Once Jared Borgetti fell into a rapid decline, El Tri was left with a void up front that no one man has been able to truly fill.
Omar Bravo, Francisco Fonseca, Carlos Ochoa, Nery Castillo, Carlos Vela, Omar Arellano, Matias Vuoso, Guillermo Franco and Miguel Sabah have all gotten cracks at the job with no one man stamping his ownership on the job.
Mexico's local tournament is dominated by foreign goalscorers (Vuoso and Franco are both naturalized Argentinians), and teams are struggling to produce young talent that will fill the gap in the future.
Compare that to Jozy Altidore, Charlie Davies and Brian Ching (when the sun shines just right on him, that is). The first two, with their youth and talent, should feed American aspirations for a long time.
Plan of Attack
The best deduction to explain the lack of homegrown strikers in Mexico is not a sudden drought among the nation's young, but rather a twisted youth system and poor scouting.
Only a select number of professional teams in Mexico devote considerable time and resources to producing new players, and the effects have slowly started to seep into the national team's play, as well.
Of the 20 players selected to face the United States, 14 came from the youth systems of four Mexican teams (Atlas, Chivas, Pumas, América).
While the MLS doesn't exactly have a feeder league, the tradition of high school and collegiate sports have yielded plenty of talent for the American system.
The famed IMG Soccer Academy in Florida, run by US Soccer, is also a big reason why America's been able to develop a high amount of young talents.
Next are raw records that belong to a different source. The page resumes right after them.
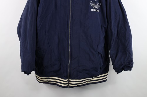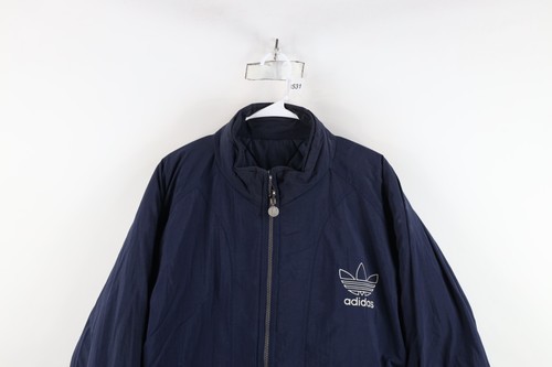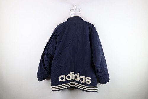 Vintage 90s Adidas Mens Large Spell Out Reversible Quilted Puffer Jacket Blue
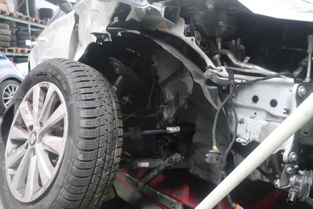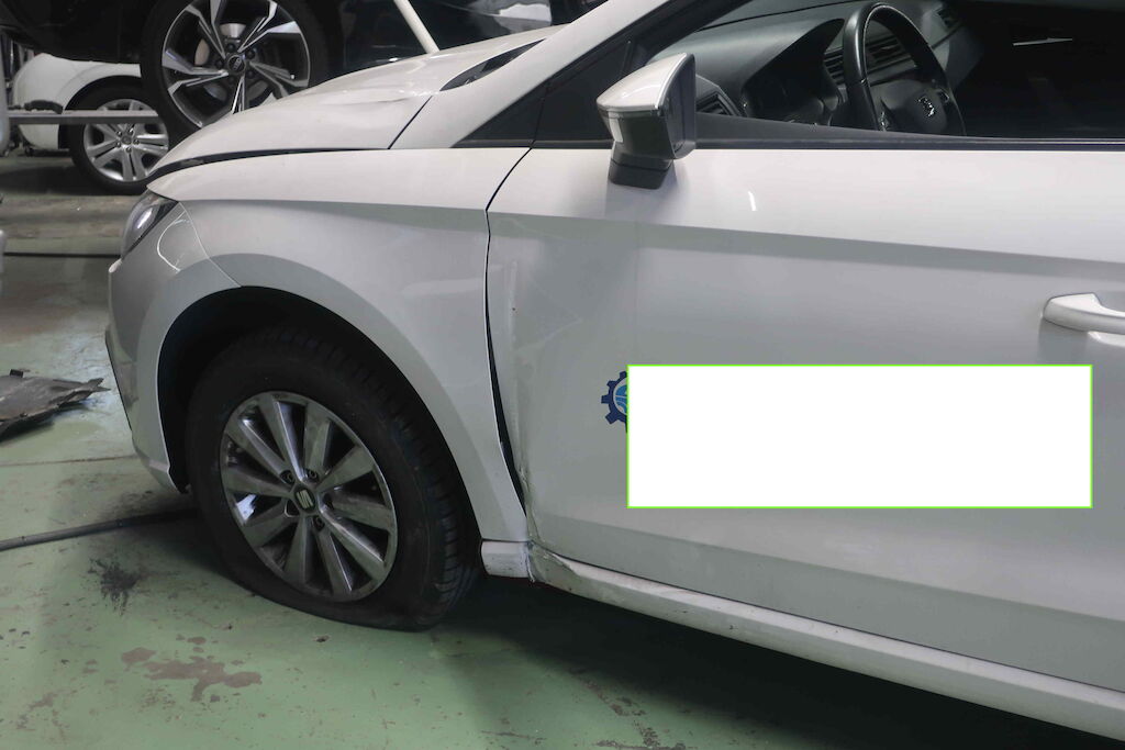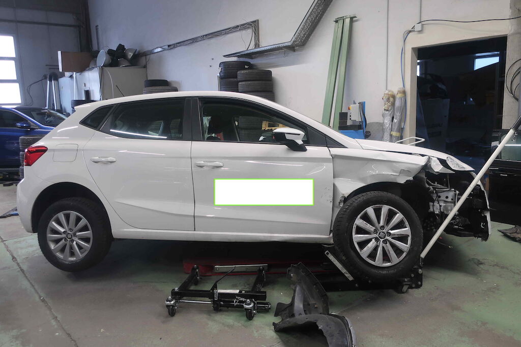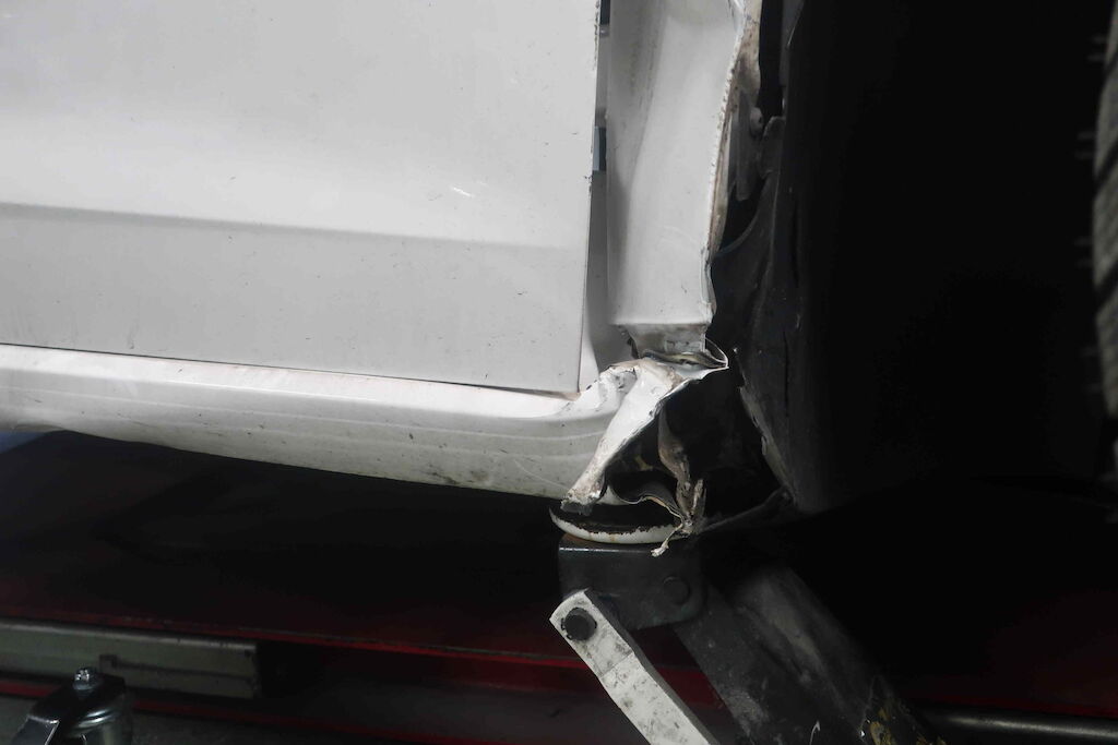 Forte colpo alla parte meccanica della ruota destra, porta sinistra piegata e i due sottoporta
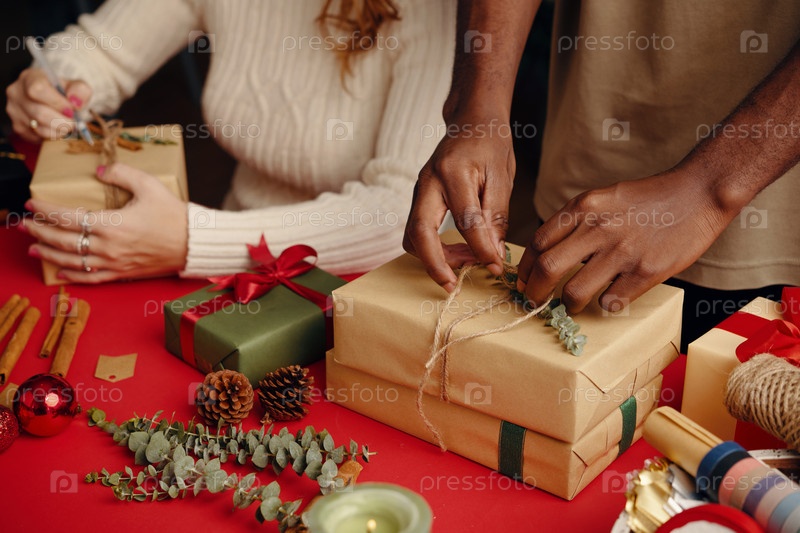 Упаковывание праздничных подарков с сосновыми шишками и лентами
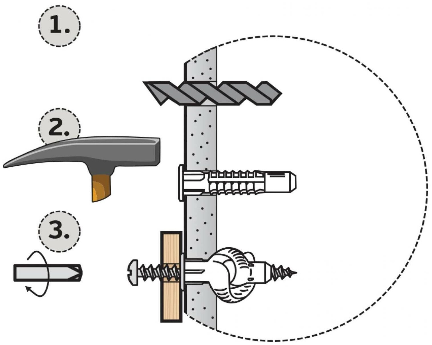 Универсальный дюбель PDU N 6 может использоваться в листовых, полнотелых, пустотелых материалах. Распорная часть дюбеля позволяет работать в полнотелых материалах как обычный дюбель, а в пустотелых и листовых заворачиваться в узел при затягивании шурупа. Манжета дюбеля предотвращает продавливание дюбеля в отверстие при креплении к листовым и пустотелым материалам. При необходимости манжета дюбеля может быть удалена. При монтаже используются универсальные шурупы. Диаметр универсального шурупа для оптимального монтажа от 3 мм до 4.5 мм Длина шурупа равна длине дюбеля L + толщина прикрепляемого материала. Нагрузка: в бетон - 20 кг.; в гипсокартон (12,5мм) - 10 кг.
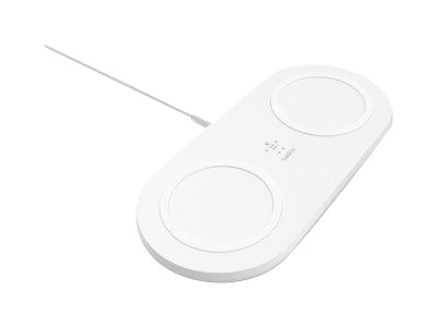 Prevent a bottleneck at your charging pad by doubling down. Take advantage of all the benefits of wireless charging technology, plus the convenience of charging two devices simultaneously. The non-slip grip design keeps your devices securely in place to ensure they keep charging, and LED lights indicate when they're charging correctly.
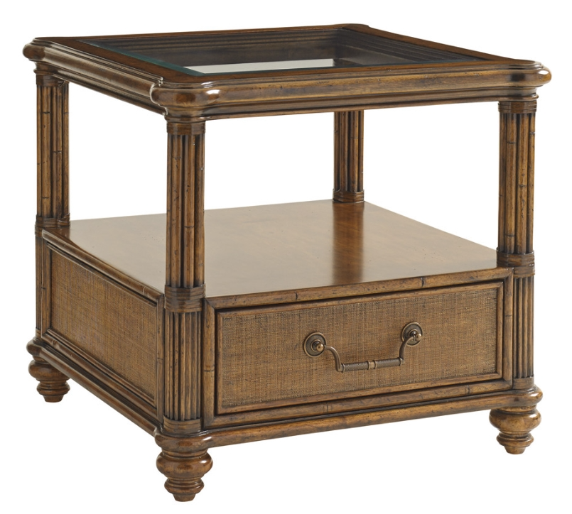 Mixed materials and meticulous detailing create a sophisticated island look. The end table features a wood framed glass top, bamboo carved posts with leather wrapped pencil rattan accents and a finished back. Its one drawer and open shelf provide both storage and display.Read More
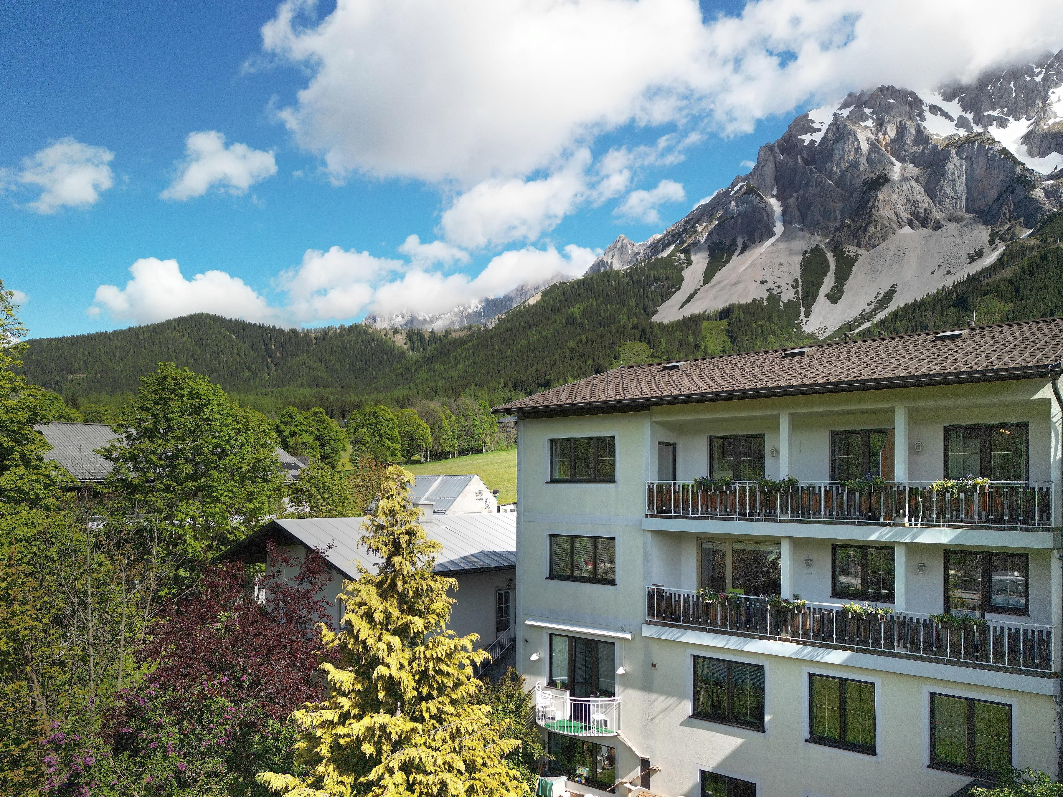 Lassen Sie sich überraschen von unserem Appartement Alpenrose. Modern, hell, freundlich, praktisch und neu renoviert präsentiert sich dieses Appartement, welches sich im 2. Stock befindet. Mit Südbalkon und Liegestühlen ausgestattet, haben Sie Aussicht nach Süden auf die Schladminger Tauern und auf den Kulmberg mit Sprungschanze. Beim Frühstücken geniessen Sie den herrlichen Ausblick im Norden auf das Dachsteingebirge mit der Scheichenspitze und dem Dachstein!
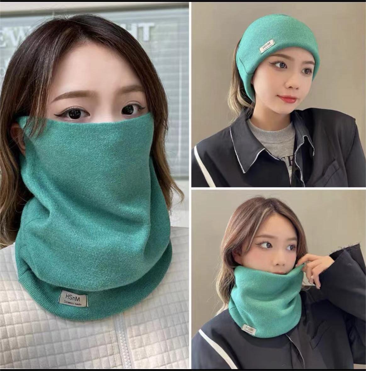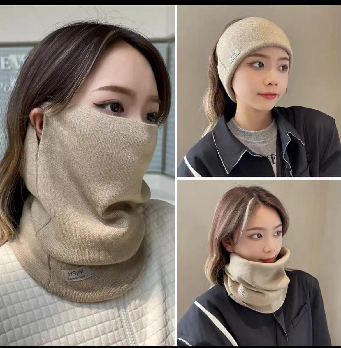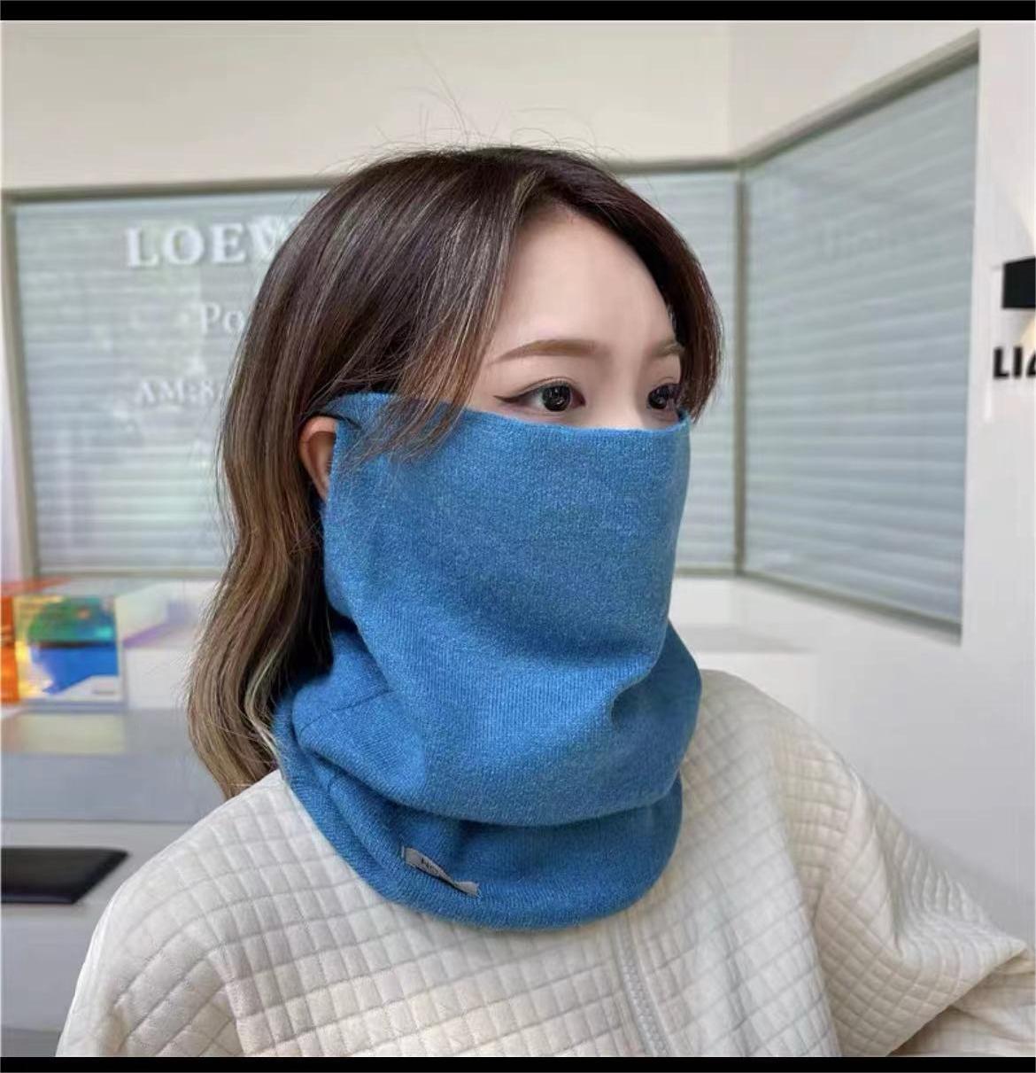 가을 겨울 단색 다용도 방한 여성용 스카프, 넥워머, 귀덮개 니트 마스크, 목 보호대스토어 가기
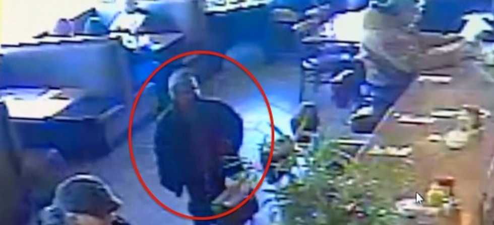 In the surveillance footage, a child, who was with two others kids and two adult women, picked up a pen near the cash register at Alex's Restaurant and wrote "I'm with some people, please help me." While doing so, he looked over his shoulder a couple of times.
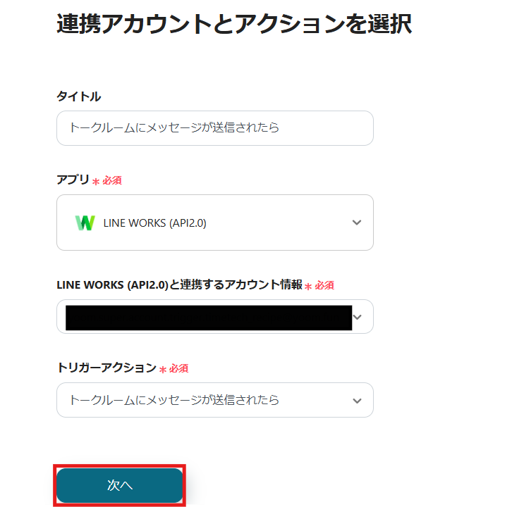 1) アクションは「トークルームにメッセージが送信されたら」を選択して、「次へ」をクリックします。
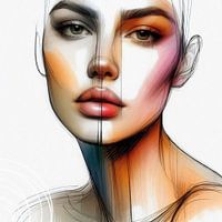 Moderne kunst, een digitaal vervaardigd portret van een vrouw, een minimalistische schets in zwarte lijnen, die ik vervolgens heb ingekleurd.
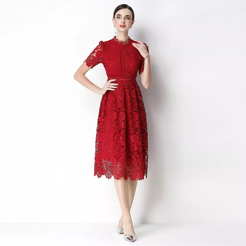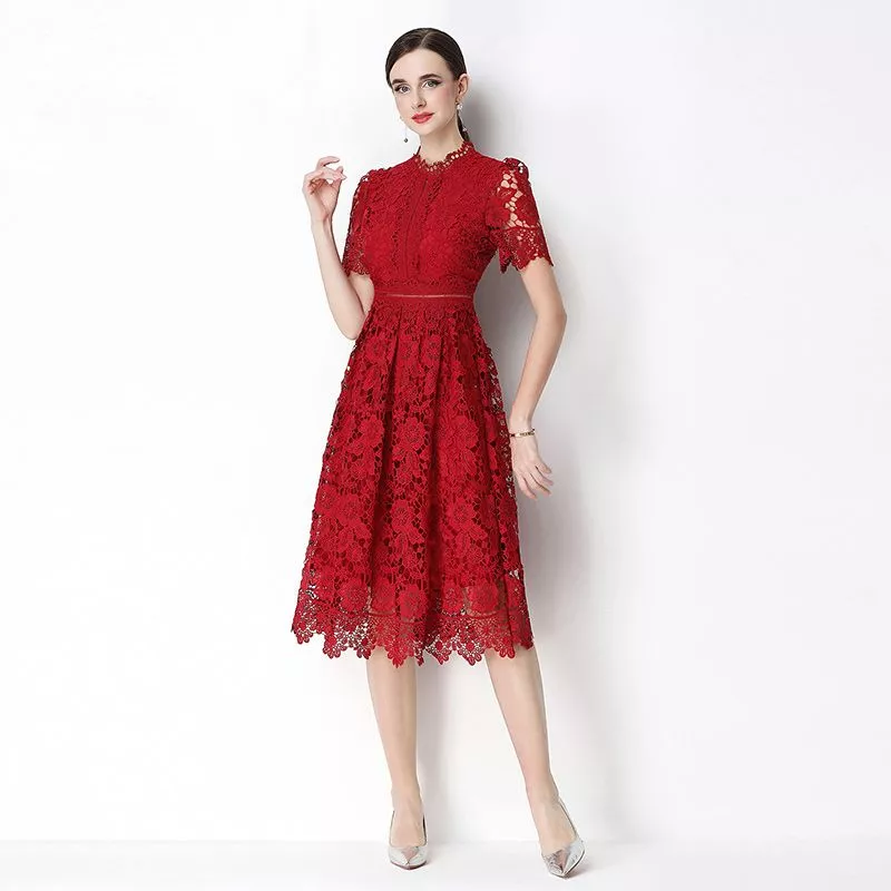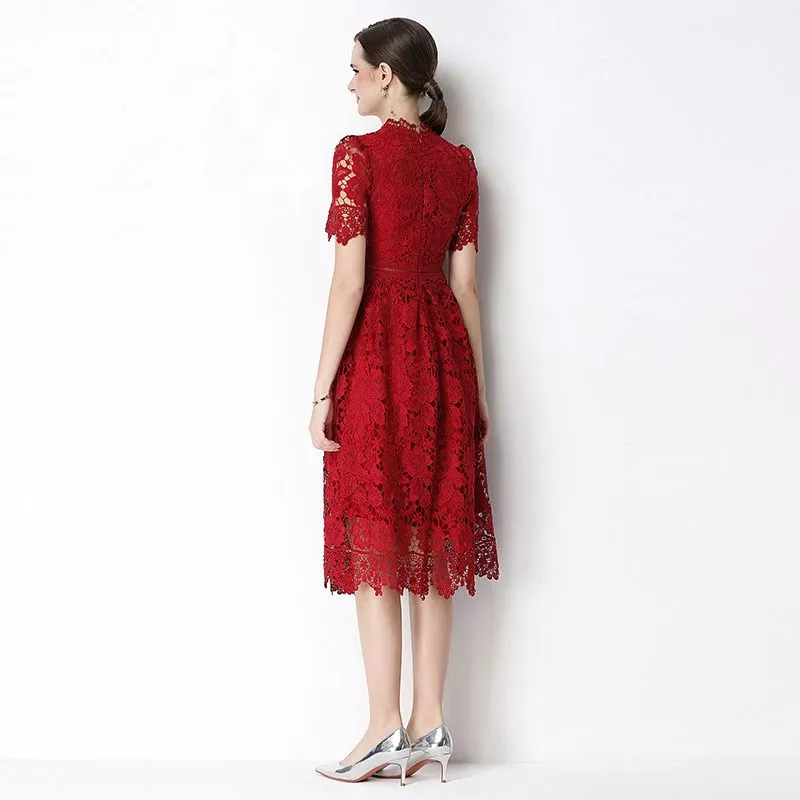 Vestito Midi Elegante in Pizzo Manica Corta per Cerimonia e Eventi Rosso CF70627

The academy is unequaled by the Mexican federation, which has no unified system or plan for talent development
Head-ing in the wrong direction
US Soccer has enjoyed constant development and success thanks mainly to two things: Project 2010, and managerial (and executive) continuity.
Until last month, when Mexico's National Team Executive Director Nestor de la Torre presented a plan to make Mexico a legitimate threat going into the 2018 World Cup, the federation had absolutely no long-term plan to better their performance.
Sunil Gulati operates in relative obscurity in the US as the sport's leader, free of media pressure and corporate interests. In Mexico, Justino Compean serves as both corporate lackey and whipping boy to the press.
Mexico's largest TV companies, Televisa and TV Azteca, own a total of three first division teams and control the national team's broadcasting rights. This in turn affects the selection of friendlies (for maximum exposure) and the location of said games.
So as the United States travel for a friendly to Italy or Germany, Mexico's taking on Venezuela's B-team or Guatemala in Los Angeles in prime time.
And when was the last time you saw either of those countries in the World Cup?
While the US has proven that they can win on a neutral pitch and successfully export their style of play, Mexico needs to remember one single fact:
There are no World Cup games scheduled at Estadio Azteca next year. Or in 2014, or in 2018.